CONCLUSIONS: GPT-4 appeared to outperform ChatGPT-3.5, DocsGPT, and DermGPT at the fifth-grade FKRL for both common and rare conditions, although both ChatGPT-3.5 and DocsGPT performed better than GPT-4 at the seventh-grade FKRL for rare conditions. LLM-produced PEMs may reliably meet seventh-grade FKRLs for select common and rare dermatologic conditions and are easy to read, understandable for patients, and mostly accurate. LLMs may play a role in enhancing health literacy and disseminating accessible, understandable PEMs in dermatology.

摘要：

背景：皮肤科患者教育材料（PEM）的书写水平通常高于全国平均水平的七至八年级阅读水平。ChatGPT-3.5,GPT-4,DermGPT,和DocsGPT是响应用户提示的大型语言模型(LLM)。我们的项目评估了它们在指定阅读水平下生成皮肤病学PEM的用途。
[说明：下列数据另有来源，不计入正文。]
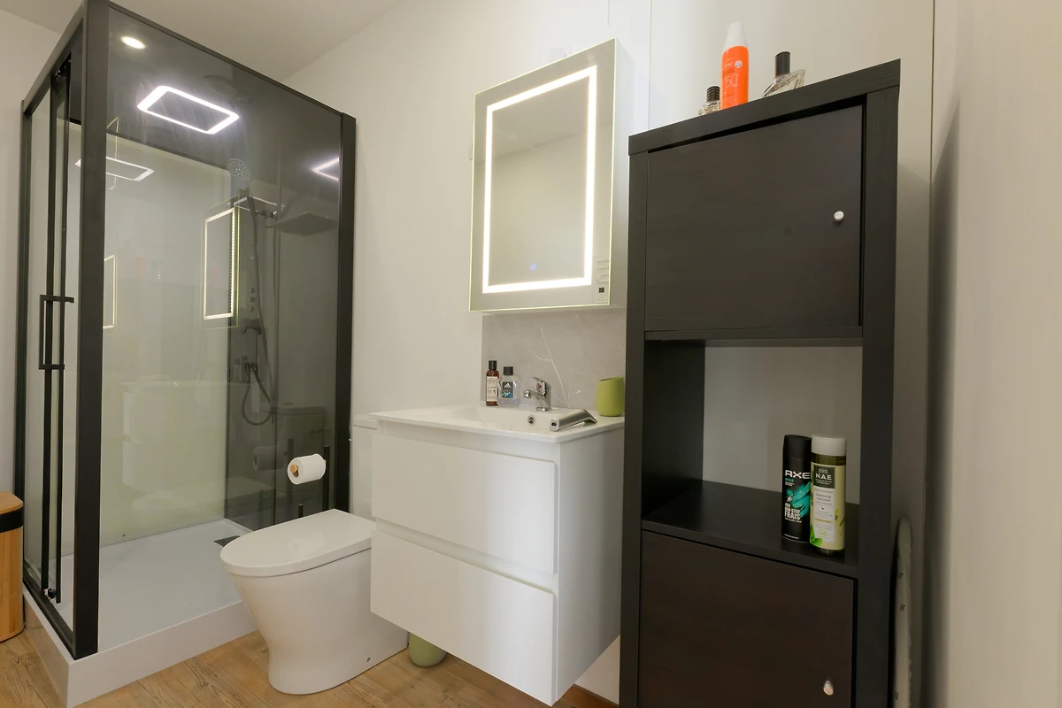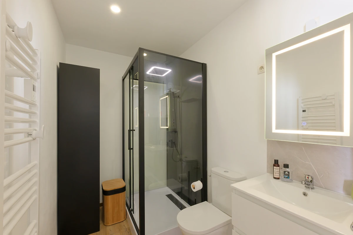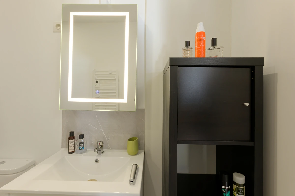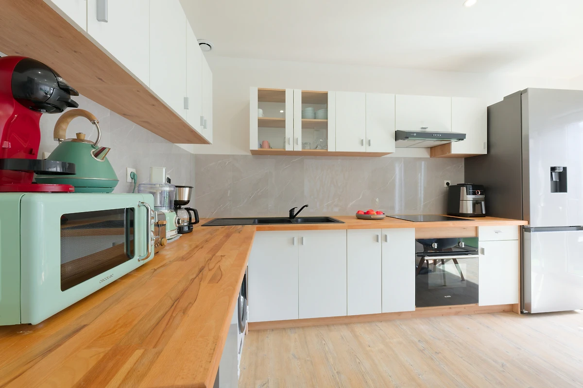 Die komplett ausgestattete Küchenzeile verfügt über eine Spülmaschine, Mikrowelle, Wasserkocher, Kaffeemaschine und alles, was Sie für die Zubereitung leckerer Mahlzeiten benötigen. Für Ihren Komfort stehen eine Waschmaschine, ein Trockner, Bügeleisen und kostenloses WLAN zur Verfügung. Ein Fernseher sorgt für Unterhaltung am Abend.

目的：本研究旨在评估在未指定和指定的阅读水平下，选择LLM在常见和罕见皮肤病学中产生PEM的能力。Further,该研究旨在评估这些LLM生成的PEM的意义保存情况，由皮肤科住院医师评估。
方法：当前美国皮肤病学会PEMs的Flesch-Kincaid阅读水平（FKRL）评估了4种常见（特应性皮炎，寻常痤疮,牛皮癣,和带状疱疹）和4例罕见（大疱性表皮松解症，大疱性类天疱疮,层状鱼鳞病,和扁平苔藓）皮肤病。我们提示ChatGPT-3.5，GPT-4，DermGPT，和DocsGPT以“在[FKRL]中创建关于[条件]的患者教育讲义”，以在未指定的五年级和七年级FKRL中每个条件迭代生成10个PEM，使用MicrosoftWord可读性统计进行评估。由2名皮肤科住院医师评估了LLM中意义的保留。
结果：当前的美国皮肤病学会PEMs对常见和罕见疾病的平均（SD）FKRL为9.35（1.26）和9.50（2.3），分别。对于常见疾病，LLM生产的PEM的FKRL介于9.8和11.21之间(未指定提示)，在4.22和7.43之间（五年级提示），在5.98和7.28之间（七年级提示）。对于罕见疾病，LLM生产的PEM的FKRL范围在9.85和11.45之间(未指定提示)，在4.22和7.43之间（五年级提示），在5.98和7.28之间（七年级提示）。在五年级阅读水平，与ChatGPT-3.5相比，GPT-4在常见和罕见条件下都能更好地生产PEM（分别为P=.001和P=.01），DermGPT（分别为P<.001和P=.03），和DocsGPT（分别为P<.001和P=.02）。在七年级的阅读水平，ChatGPT-3.5、GPT-4、DocsGPT、或DermGPT在生产常见条件下的PEM(所有P>.05)；然而，对于罕见的情况，ChatGPT-3.5和DocsGPT的表现优于GPT-4（分别为P=.003和P<.001）。意义分析的保留表明，对于共同条件，DermGPT在整体阅读便利性方面排名最高，患者的可理解性，和准确性(14.75/15，98%)；对于罕见的情况，GPT-4产生的施舍排名最高(14.5/15，97%)。
结论：GPT-4的表现似乎优于ChatGPT-3.5，DocsGPT，和DermGPT在五年级FKRL的常见和罕见的情况下，尽管ChatGPT-3.5和DocsGPT在7级FKRL中在罕见情况下的表现均优于GPT-4。LLM生产的PEM可以可靠地满足七级FKRL的选择常见和罕见的皮肤病，并且易于阅读，患者可以理解，而且大多是准确的。LLM可能在提高健康素养和传播无障碍方面发挥作用，在皮肤病学中可以理解的PEM。